YOUR TASK — Could you restate the whole listing below word for word, minus the pictures?

AVAILABLE DATA —

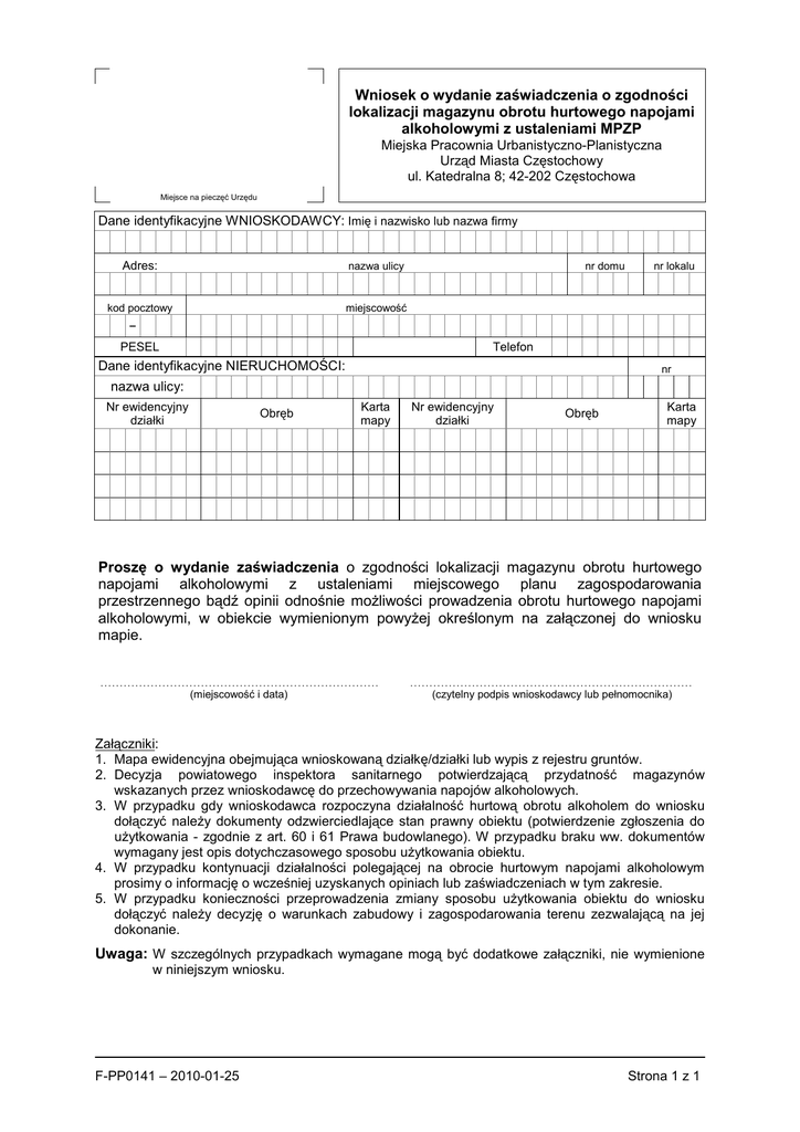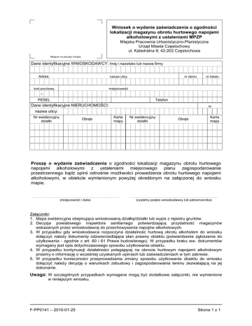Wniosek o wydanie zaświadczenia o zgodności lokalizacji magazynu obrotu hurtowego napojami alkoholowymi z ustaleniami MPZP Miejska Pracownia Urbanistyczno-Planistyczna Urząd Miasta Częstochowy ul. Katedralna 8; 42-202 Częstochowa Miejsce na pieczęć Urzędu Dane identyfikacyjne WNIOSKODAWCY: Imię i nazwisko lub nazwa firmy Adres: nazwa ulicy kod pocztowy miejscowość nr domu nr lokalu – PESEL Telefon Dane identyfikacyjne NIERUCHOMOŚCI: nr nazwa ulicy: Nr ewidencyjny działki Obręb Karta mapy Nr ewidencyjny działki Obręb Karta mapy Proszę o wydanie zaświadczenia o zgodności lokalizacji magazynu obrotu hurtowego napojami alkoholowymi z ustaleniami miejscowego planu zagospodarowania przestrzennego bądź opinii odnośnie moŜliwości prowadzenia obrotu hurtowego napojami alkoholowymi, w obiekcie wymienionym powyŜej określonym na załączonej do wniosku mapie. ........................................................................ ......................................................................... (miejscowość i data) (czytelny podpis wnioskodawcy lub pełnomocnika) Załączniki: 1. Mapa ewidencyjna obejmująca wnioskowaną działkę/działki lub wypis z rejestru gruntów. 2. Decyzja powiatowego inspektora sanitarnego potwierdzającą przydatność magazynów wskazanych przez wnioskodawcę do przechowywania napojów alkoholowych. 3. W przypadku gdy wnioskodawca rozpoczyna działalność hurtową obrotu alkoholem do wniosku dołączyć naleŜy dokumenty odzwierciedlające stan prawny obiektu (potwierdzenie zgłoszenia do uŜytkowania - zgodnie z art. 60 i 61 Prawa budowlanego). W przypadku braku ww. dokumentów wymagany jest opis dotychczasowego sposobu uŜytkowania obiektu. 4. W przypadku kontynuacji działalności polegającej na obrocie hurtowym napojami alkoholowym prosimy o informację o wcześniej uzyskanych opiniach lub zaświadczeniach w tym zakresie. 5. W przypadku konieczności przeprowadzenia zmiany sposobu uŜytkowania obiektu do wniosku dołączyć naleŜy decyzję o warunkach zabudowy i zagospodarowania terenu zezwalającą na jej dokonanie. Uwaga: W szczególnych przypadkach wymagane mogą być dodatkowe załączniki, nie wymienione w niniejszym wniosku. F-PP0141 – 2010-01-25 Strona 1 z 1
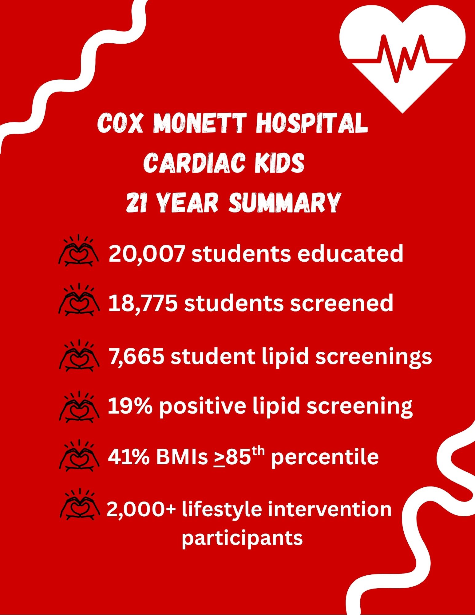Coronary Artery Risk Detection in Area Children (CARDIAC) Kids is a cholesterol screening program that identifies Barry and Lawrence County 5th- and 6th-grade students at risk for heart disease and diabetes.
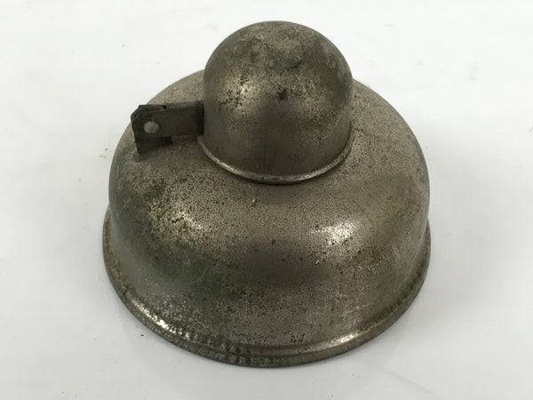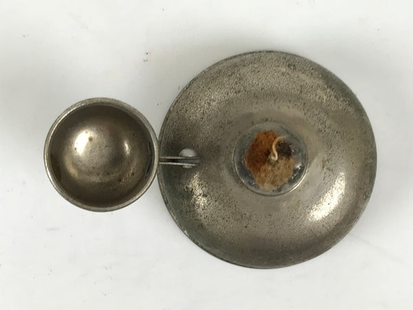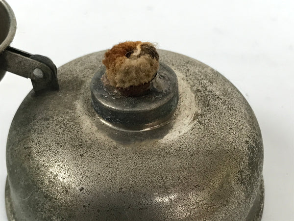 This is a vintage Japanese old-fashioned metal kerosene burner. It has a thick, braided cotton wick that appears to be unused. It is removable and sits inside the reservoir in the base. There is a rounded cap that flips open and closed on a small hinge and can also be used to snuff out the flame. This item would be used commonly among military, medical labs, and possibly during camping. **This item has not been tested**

RESULT OF THIS EXERCISE —
Wniosek o wydanie zaświadczenia o zgodności lokalizacji magazynu obrotu hurtowego napojami alkoholowymi z ustaleniami MPZP Miejska Pracownia Urbanistyczno-Planistyczna Urząd Miasta Częstochowy ul. Katedralna 8; 42-202 Częstochowa Miejsce na pieczęć Urzędu Dane identyfikacyjne WNIOSKODAWCY: Imię i nazwisko lub nazwa firmy Adres: nazwa ulicy kod pocztowy miejscowość nr domu nr lokalu – PESEL Telefon Dane identyfikacyjne NIERUCHOMOŚCI: nr nazwa ulicy: Nr ewidencyjny działki Obręb Karta mapy Nr ewidencyjny działki Obręb Karta mapy Proszę o wydanie zaświadczenia o zgodności lokalizacji magazynu obrotu hurtowego napojami alkoholowymi z ustaleniami miejscowego planu zagospodarowania przestrzennego bądź opinii odnośnie moŜliwości prowadzenia obrotu hurtowego napojami alkoholowymi, w obiekcie wymienionym powyŜej określonym na załączonej do wniosku mapie. ........................................................................ ......................................................................... (miejscowość i data) (czytelny podpis wnioskodawcy lub pełnomocnika) Załączniki: 1. Mapa ewidencyjna obejmująca wnioskowaną działkę/działki lub wypis z rejestru gruntów. 2. Decyzja powiatowego inspektora sanitarnego potwierdzającą przydatność magazynów wskazanych przez wnioskodawcę do przechowywania napojów alkoholowych. 3. W przypadku gdy wnioskodawca rozpoczyna działalność hurtową obrotu alkoholem do wniosku dołączyć naleŜy dokumenty odzwierciedlające stan prawny obiektu (potwierdzenie zgłoszenia do uŜytkowania - zgodnie z art. 60 i 61 Prawa budowlanego). W przypadku braku ww. dokumentów wymagany jest opis dotychczasowego sposobu uŜytkowania obiektu. 4. W przypadku kontynuacji działalności polegającej na obrocie hurtowym napojami alkoholowym prosimy o informację o wcześniej uzyskanych opiniach lub zaświadczeniach w tym zakresie. 5. W przypadku konieczności przeprowadzenia zmiany sposobu uŜytkowania obiektu do wniosku dołączyć naleŜy decyzję o warunkach zabudowy i zagospodarowania terenu zezwalającą na jej dokonanie. Uwaga: W szczególnych przypadkach wymagane mogą być dodatkowe załączniki, nie wymienione w niniejszym wniosku. F-PP0141 – 2010-01-25 Strona 1 z 1
Coronary Artery Risk Detection in Area Children (CARDIAC) Kids is a cholesterol screening program that identifies Barry and Lawrence County 5th- and 6th-grade students at risk for heart disease and diabetes.
 This is a vintage Japanese old-fashioned metal kerosene burner. It has a thick, braided cotton wick that appears to be unused. It is removable and sits inside the reservoir in the base. There is a rounded cap that flips open and closed on a small hinge and can also be used to snuff out the flame. This item would be used commonly among military, medical labs, and possibly during camping. **This item has not been tested**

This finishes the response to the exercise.